Revealing unintended consequences to inform adaptation
Detecting unintended consequences is one of the most powerful ways that environmental historical analysis of CHANS feedbacks can inform adaptation to promote sustainability and human well-being (Langston 1995, Lambin and Geist 2003, Millennium Ecosystem Assessment 2005). Characterization of linkages between environmental historical factors (levels 3 and 4), human-nature interactions, landscape alterations (level 1), and consequent human effects (level 2) helps investigators systematically probe unintended consequences (Figs. 1 and 4). Application to policy and planning lies beyond simply comparing actual vs. target outcomes: : learning how past worldviews, economic systems, or other historical factors propagated CHANS feedbacks, which led to unexpected outcomes, can inform present-day efforts to adapt and improve environmental policy and planning.Outcomes for people and nature significantly differed from policy objectives and paradigm visions in the northern Wisconsin study area.
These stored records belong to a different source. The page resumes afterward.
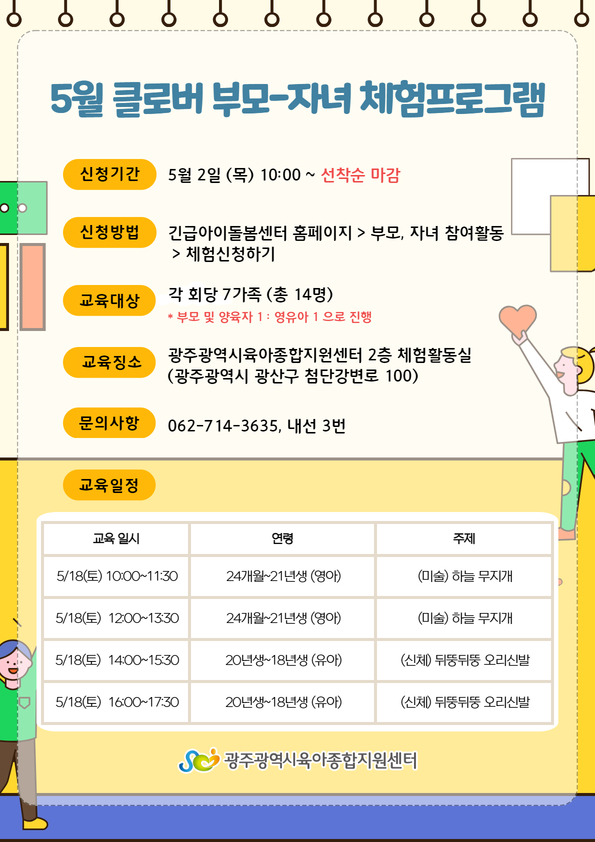home 맘편한 내★일, 광주아이키움2.0 결혼·임신·출생 영유아 초·중·고 다양한 가족 일생활균형 커뮤니티 아동돌봄지원 소통방 나눔방 광주 아이키움 상담방 돌봄정보방 성폭력 피해 상담 및 사건지원 공지사항 우리동네 돌봄정보 기관별 공지사항 [공통부모교육] 5월 부모-자녀 체험 프로그램 등록일 : 2024-04-24 00:00 작성자 : 운영자 조회수 : 91 5월 부모-자녀 체험활동.jpg 다운로드 목록
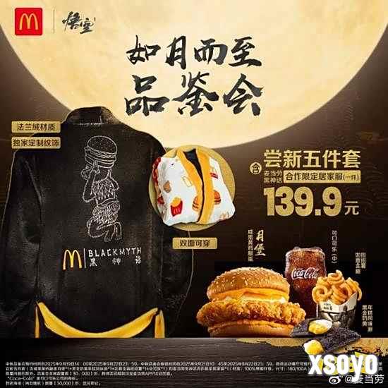 麦当劳于2025年9月19日宣布与国产游戏《黑神话:悟空》联动,推出139.9元限定套餐,含咸蛋黄鸡腿蛋月堡、黑金奶黄年糕风味派等特色美食及限量居家服周边。活动预约火爆,全国3万份品鉴会名额迅速抢空,海外玩家在社交平台表达羡慕之情,称其创意十足且充满文化特色 。
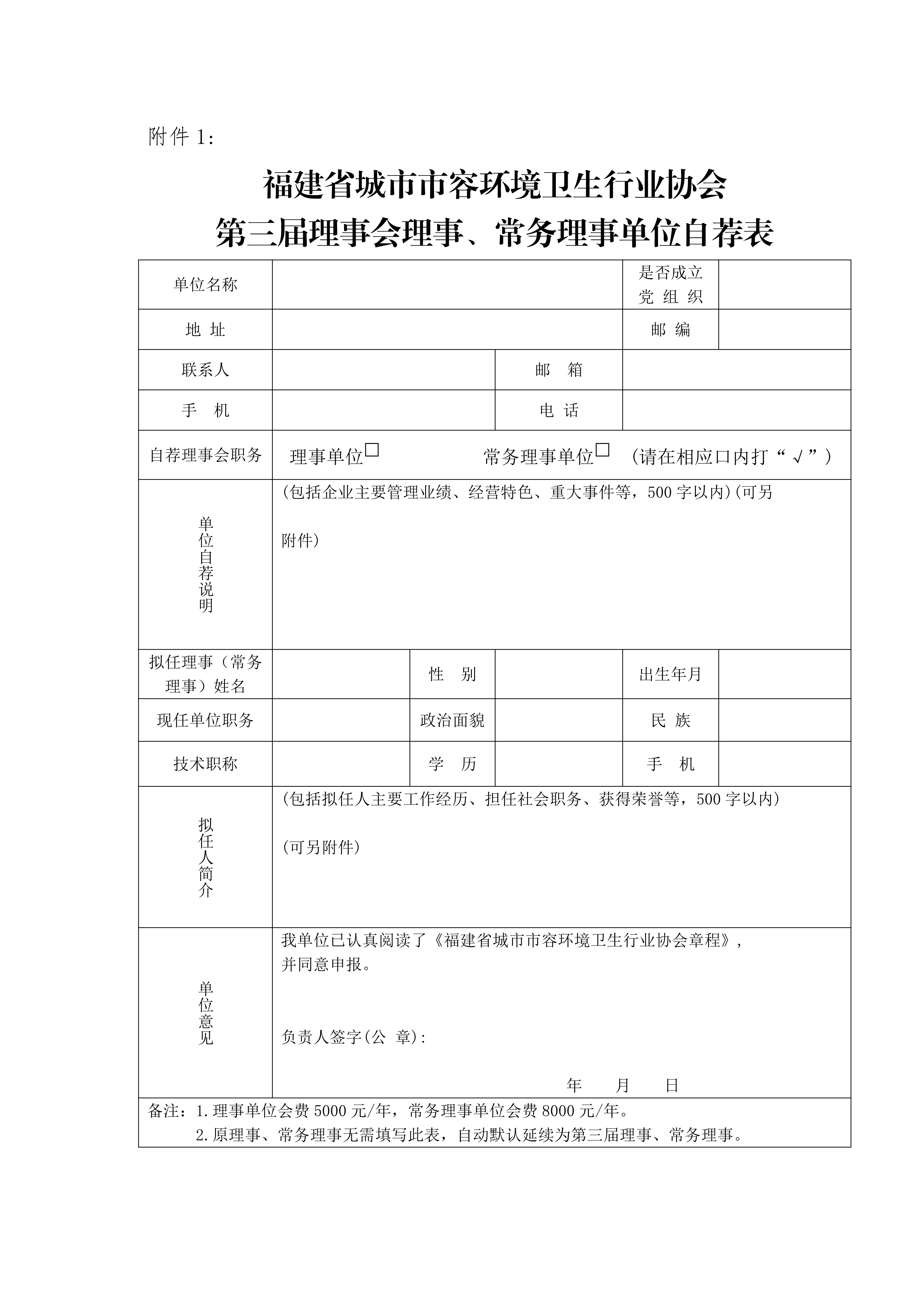 关于自荐福建省城市市容环境卫生行业协会第三届理事会理事、常务理事单位的通知
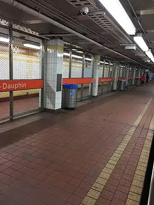 Susquehanna–Dauphin is a subway station on SEPTA's Broad Street Line in Philadelphia, Pennsylvania. The station is located at the 2200 block of North Broad Street in North Philadelphia,[2] between Susquehanna Avenue at the south end and Dauphin Street at the north end.[3] Four tracks travel through the station, however the station is only served by local trains,[2] which travel on the outer two tracks. Along with Cecil B. Moore station, this stop provides access to Temple University, which is located one block south of Susquehanna Avenue.[4] Service began at the station, formerly known as Dauphin–Susquehanna, on September 1, 1928, as part of the original segment of the Broad Street Line, which ran from City Hall station to Olney station.[5]
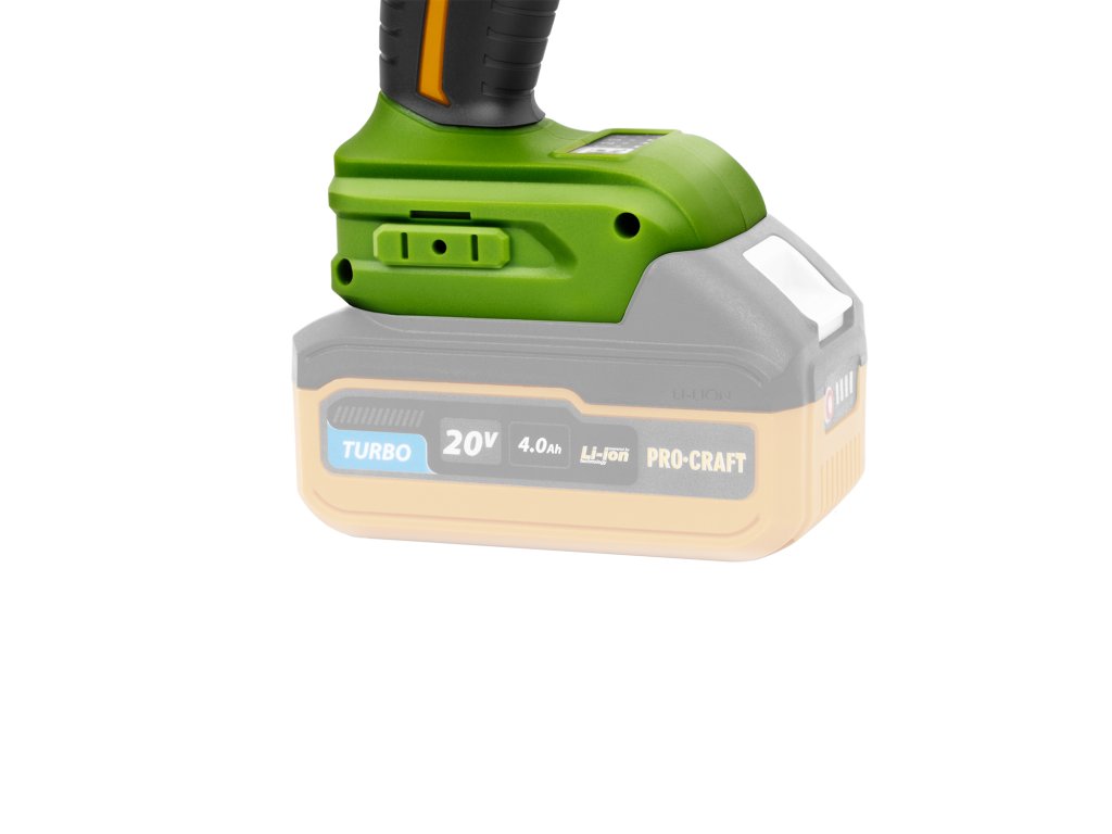Utahovák je kompatibilní s univerzální 20V baterií Procraft, kterou lze využít i pro další nářadí této řady.
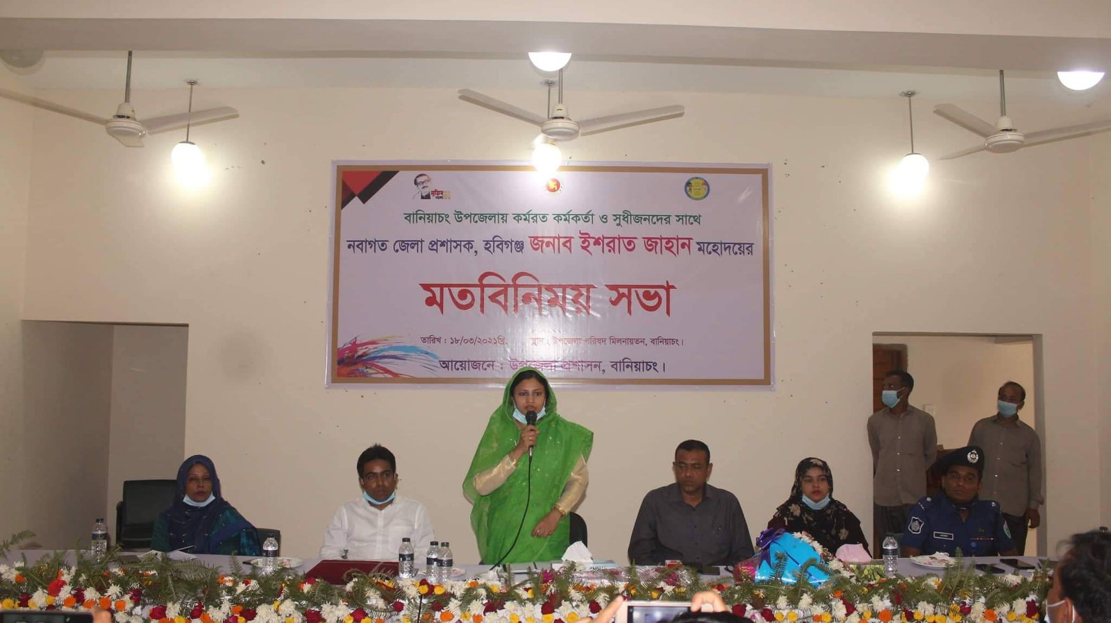 হবিগঞ্জের বানিয়াচংয়ে হবিগঞ্জ জেলার নবাগত জেলা প্রশাসক ইশরাত জাহান মতবিনিময় সভা করেছেন।
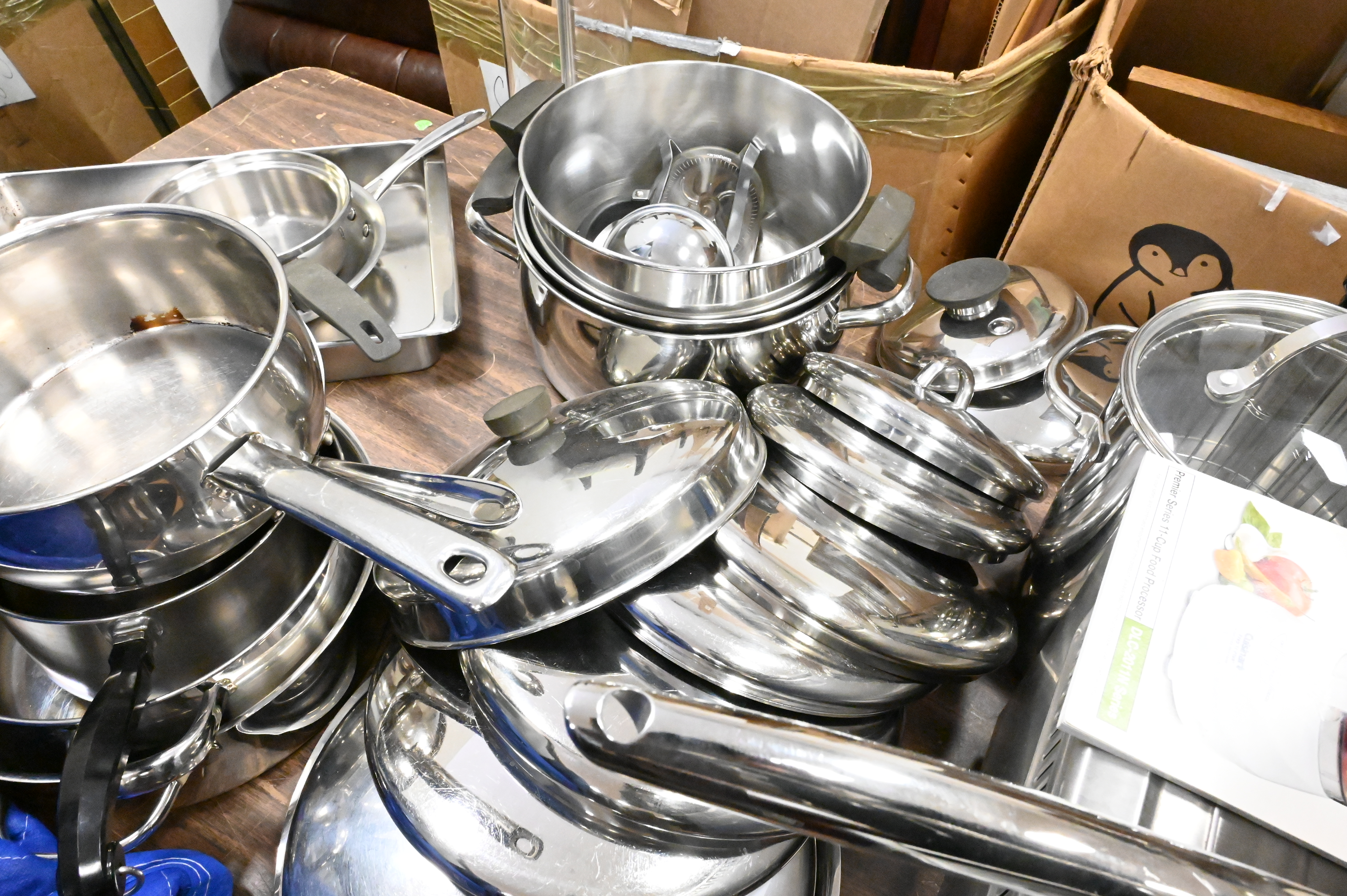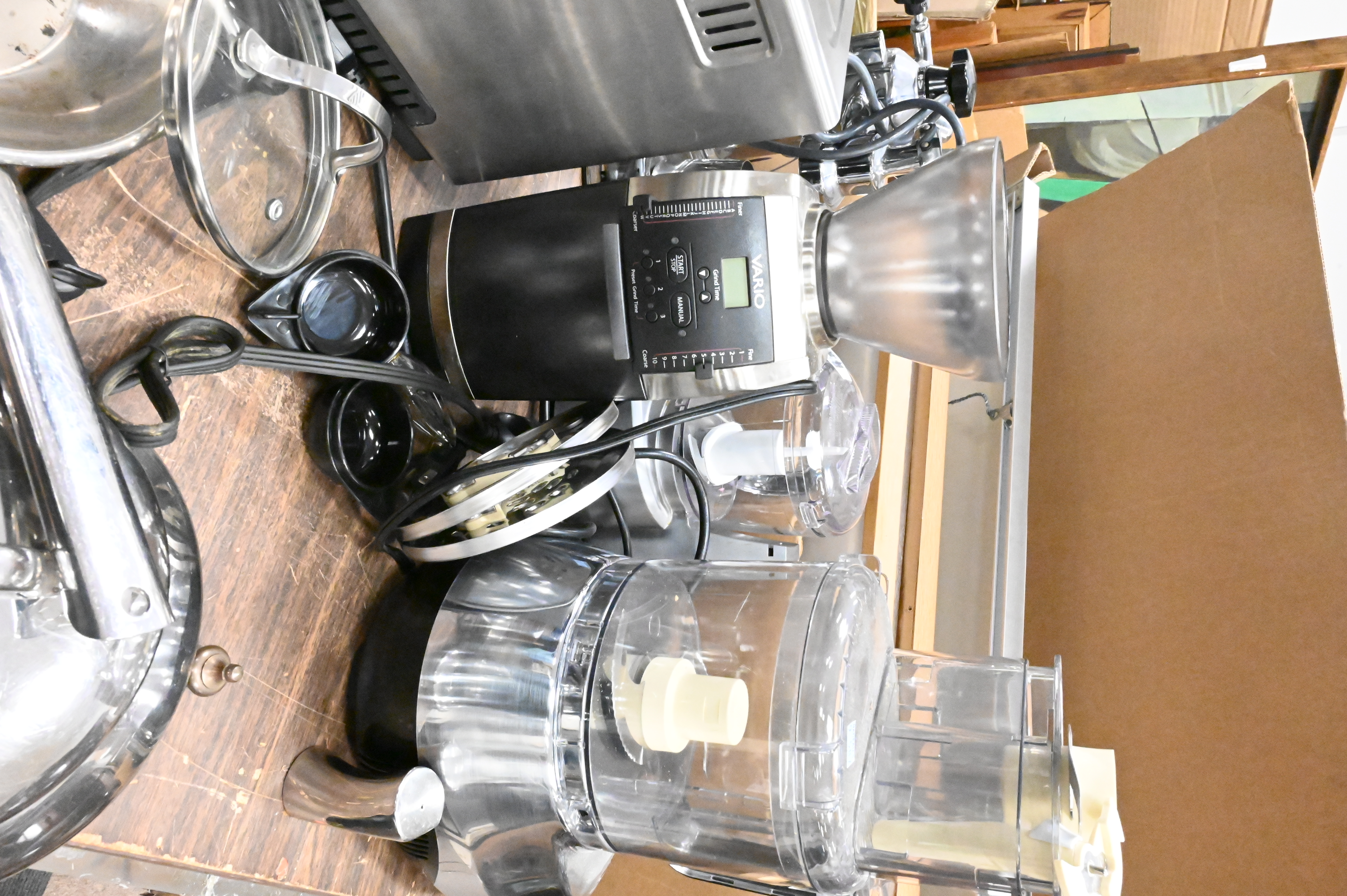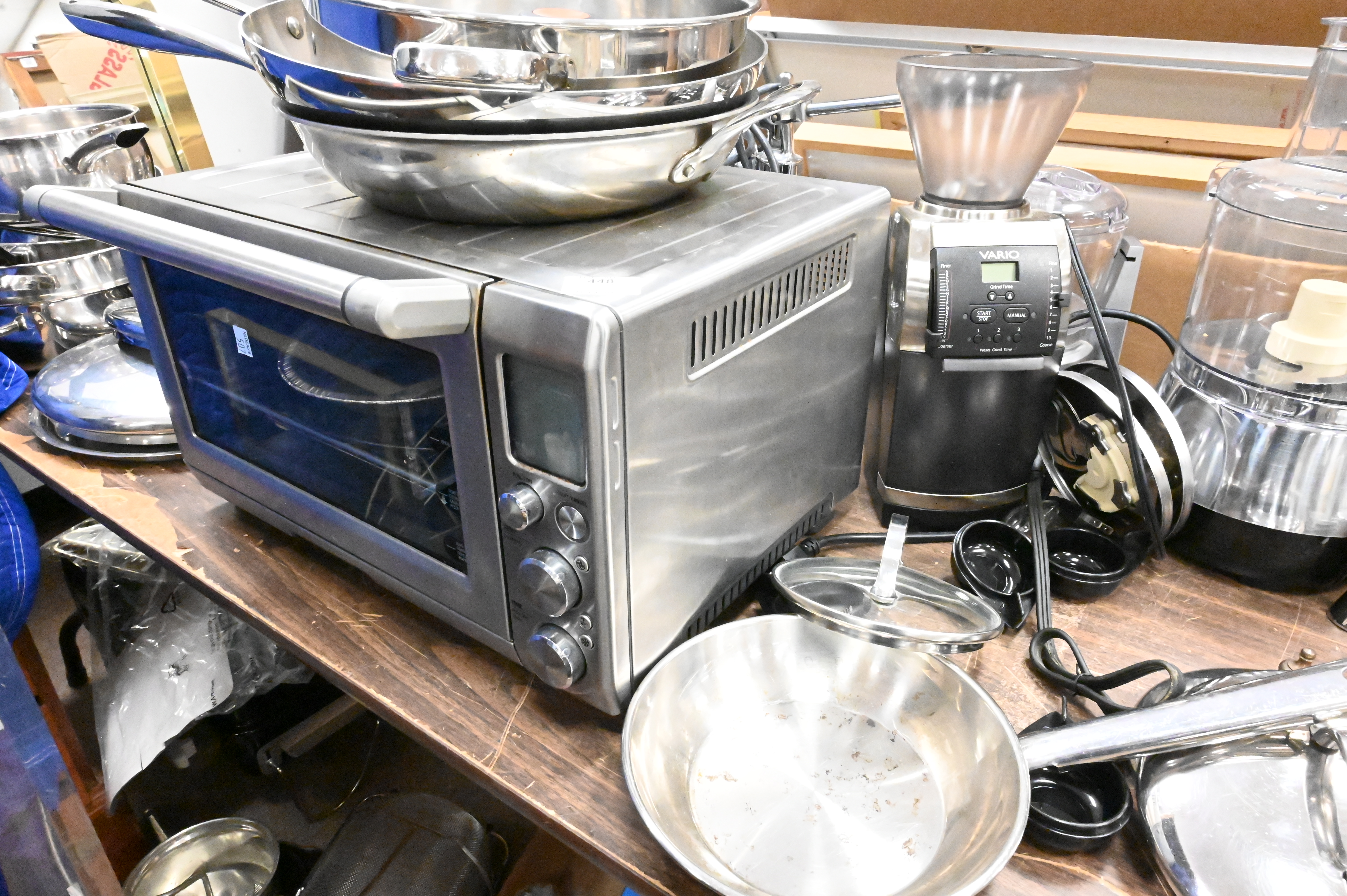 to include Breville oven, two Cuisinart food processors, La Pa’voni cappuccino Vario coffee grinder, and pots and pans with lids

A major system surprise developed over a century (1860–1960) in relation to the Indian assimilation policy vision to transform the reservation social-economic-ecological system from one based in traditional uses of forest, wetland, and aquatic resources (Fig. 3) to one based in forest commodity production (Fig. 5A). The Indian agency fulfilled the emergent vision to transform the old growth pine-dominant forest to sustained-yield hardwood units (Fig. 7A). However, policy architects did not anticipate the social effects that would unfold: land loss (Table 1) driven by tribal poverty, disconnection from the land base, and outmigration.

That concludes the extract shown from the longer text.